• _Work request_
Output, verbatim and without pictures, the lines from the first line of the listing through the line containing "Excelente rendimiento en".

• _Material provided_
• • • • • • •
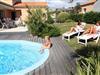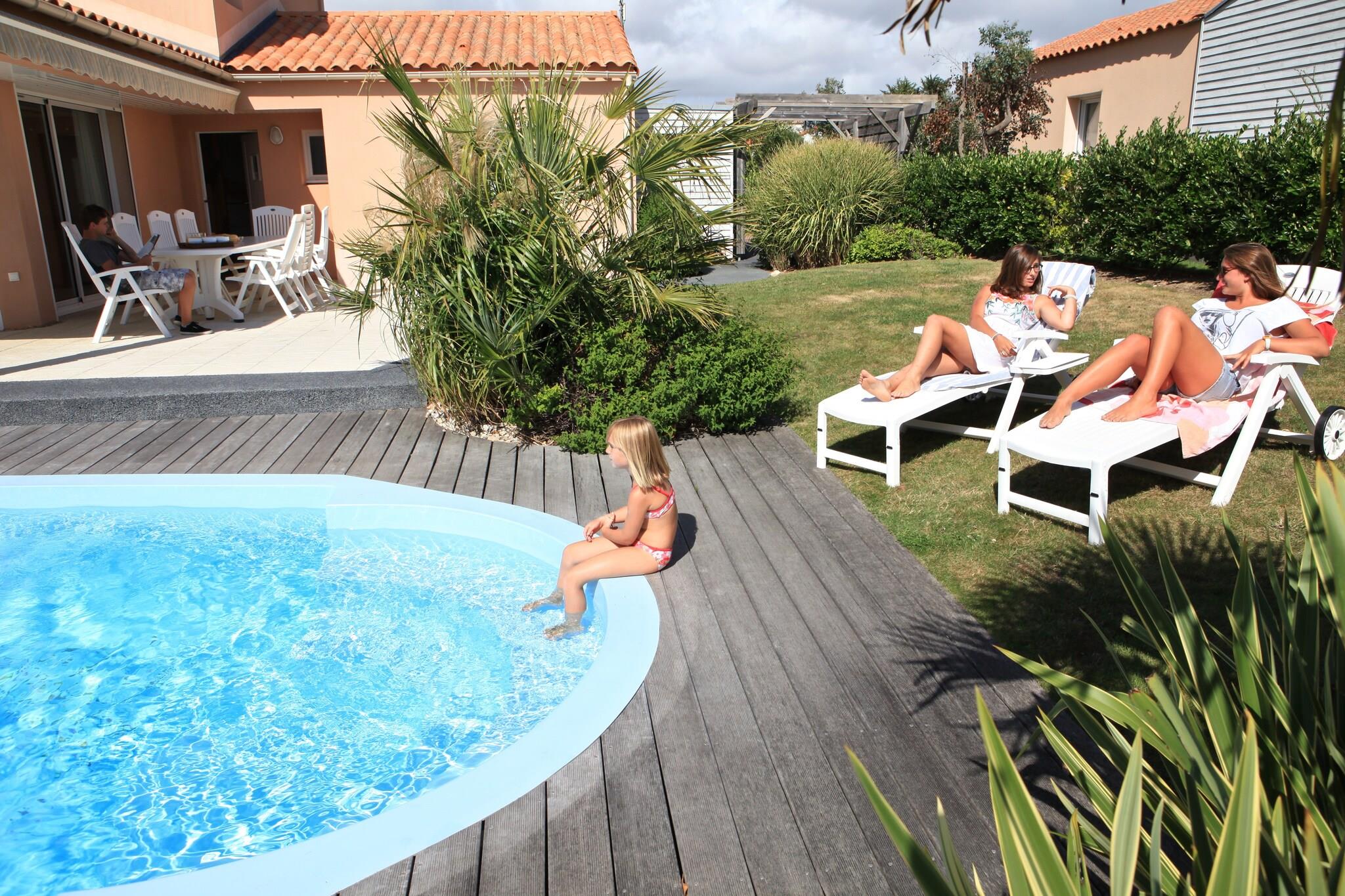 Komfort og faciliteter Sophora 6 Villa tilbyder et komfortabelt og velindrettet ophold, perfekt for op til seks gæster. Med tre soveværelser - to med dobbeltsenge eller to enkeltsenge og det tredje med køjesenge eller enkeltsenge - passer det både til familier eller grupper. To badeværelser udstyret med badekar eller bruser og separate toiletter sikrer bekvemmelighed. Det fuldt udstyrede køkken inviterer dig til at lave lækre måltider, mens den rummelige stue er ideel til at slappe af efter en dag med udforskning. Udendørs nydelse Træd udenfor til en stor have, der omgiver en privat swimmingpool, som tilbyder fredelige omgivelser til solbadning, svømning eller udendørs spisning på terrassen. Villaen inkluderer også parkering og internetadgang, hvilket forbedrer din komfort under din ferie på Oasis Les Jardins. Placerings højdepunkter Beliggende kun 1 km fra havet, og inden for en kort køretur til Château d'Olonne (4,5 km) og Les Sables d'Olonne (5 km), vil du have nem adgang til butikker, restauranter og turisttjenester. Generelle forsyninger er 3 km væk, og Nantes Lufthavn ligger 120 km fra villaen, hvilket gør rejsen bekvem for besøgende.
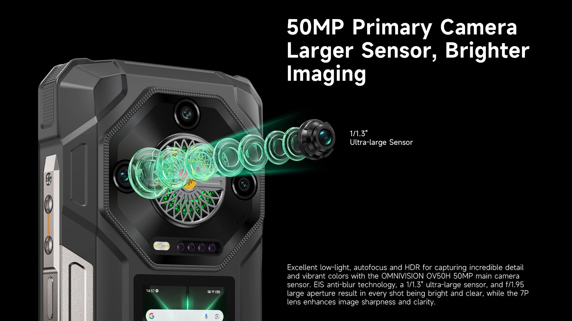 Excelente rendimiento en condiciones de poca luz, autoenfoque y HDR para capturar detalles increíbles y colores vibrantes con el sensor de la cámara principal OMNIVISION OV50H de 50 MP. La tecnología EIS anti-desenfoque, un sensor ultra grande de 1/1.3" y una gran apertura de f/1.95 garantizan imágenes brillantes y nítidas, mientras que el objetivo 7P mejora la nitidez y la claridad de la imagen.
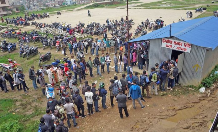 सवारी साधनमा इम्बोस्ड नम्बर प्लेट जडान गर्ने सवारी धनीहरुको यातायात कार्यालय गुर्जुधारामा भिड बढेको छ ।यातायात व्यवस्था विभागले बागमती र गण्डकी प्रदेशमा दर्ता भएका सवारी साधनका धनीहरुलाई असार मसान्तभित्र इम्बोस्ड नम्बर जोडिसक्नु पर्ने र नजोडे कारबाही गर्ने चेतावनीयुक्त सूचना जारी गरेपछि यातायात कार्यालयमा भिड बढेको हो । आज बिहानदेखि गुर्जुधारामा एम्बोस्ड नम्बर दर्ता र जडान गर्नेहरुको लामो लाइन देखिएको छ ।भौतिक पूर्वाधार तथा यातायात मन्त्रालयले २२ कात्तिक २०७८मा राजपत्रमा सूचना प्रकाशित गरी संघीय सरकारको यातायात कार्यालयले नामाकरण भइसकेका प्रदेशहरुमा १ मंसिरदेखि नयाँ दर्ता भएका सवारी साधनमा, १ फागुनदेखि नामसारी गरिने सवारी साधनमा र १ जेठ २०७९ देखि सवारी दर्ता प्रमाणपत्र (ब्लुबुक) नवीकरण गर्दा इम्बोस्ड नम्बर अनिवार्य गरिएको जनाएको छ ।पर्याप्त तयारी नगर्ने तर राजस्व उठाउन मात्र चर्को शुल्कको इम्बोस्ड प्लेट जडानलाई अनिवार्य गर्न खोजेको भन्दै सरकारको आलोचना भइरहेको छ । यस विषयमा सामाजिक सञ्जालदेखि प्रतिनिधिसभाको बैठकसम्म सरकारको कार्यशैली र नियममाथि प्रश्न उठेको छ । सोमबार प्रतिनिधिसभा बैठकमा नेपाली कांग्रेसका महामन्त्री गगन थापाले सेवाग्राहीलाई दिइएको धम्की खारेज गर्न, महंगो र गुणस्तरहीन इम्बोस्ड प्लेट वितरणको व्यवस्थामा पुनर्विचार गर्न सरकारसँग माग गरेका थिए।यातायात व्यवस्था विभागका महानिर्देशक नमराज घिमिरे भने कार्यालय र सेवाग्राहीले इम्बोस्ड प्लेट जडान गर्न आनाकानी गरेकाले कारवाही गर्नुपर्ने अवस्था आएको बताउँछन् ।
• • • • • • •
• _Task solution_
 Komfort og faciliteter Sophora 6 Villa tilbyder et komfortabelt og velindrettet ophold, perfekt for op til seks gæster. Med tre soveværelser - to med dobbeltsenge eller to enkeltsenge og det tredje med køjesenge eller enkeltsenge - passer det både til familier eller grupper. To badeværelser udstyret med badekar eller bruser og separate toiletter sikrer bekvemmelighed. Det fuldt udstyrede køkken inviterer dig til at lave lækre måltider, mens den rummelige stue er ideel til at slappe af efter en dag med udforskning. Udendørs nydelse Træd udenfor til en stor have, der omgiver en privat swimmingpool, som tilbyder fredelige omgivelser til solbadning, svømning eller udendørs spisning på terrassen. Villaen inkluderer også parkering og internetadgang, hvilket forbedrer din komfort under din ferie på Oasis Les Jardins. Placerings højdepunkter Beliggende kun 1 km fra havet, og inden for en kort køretur til Château d'Olonne (4,5 km) og Les Sables d'Olonne (5 km), vil du have nem adgang til butikker, restauranter og turisttjenester. Generelle forsyninger er 3 km væk, og Nantes Lufthavn ligger 120 km fra villaen, hvilket gør rejsen bekvem for besøgende.
 Excelente rendimiento en condiciones de poca luz, autoenfoque y HDR para capturar detalles increíbles y colores vibrantes con el sensor de la cámara principal OMNIVISION OV50H de 50 MP. La tecnología EIS anti-desenfoque, un sensor ultra grande de 1/1.3" y una gran apertura de f/1.95 garantizan imágenes brillantes y nítidas, mientras que el objetivo 7P mejora la nitidez y la claridad de la imagen.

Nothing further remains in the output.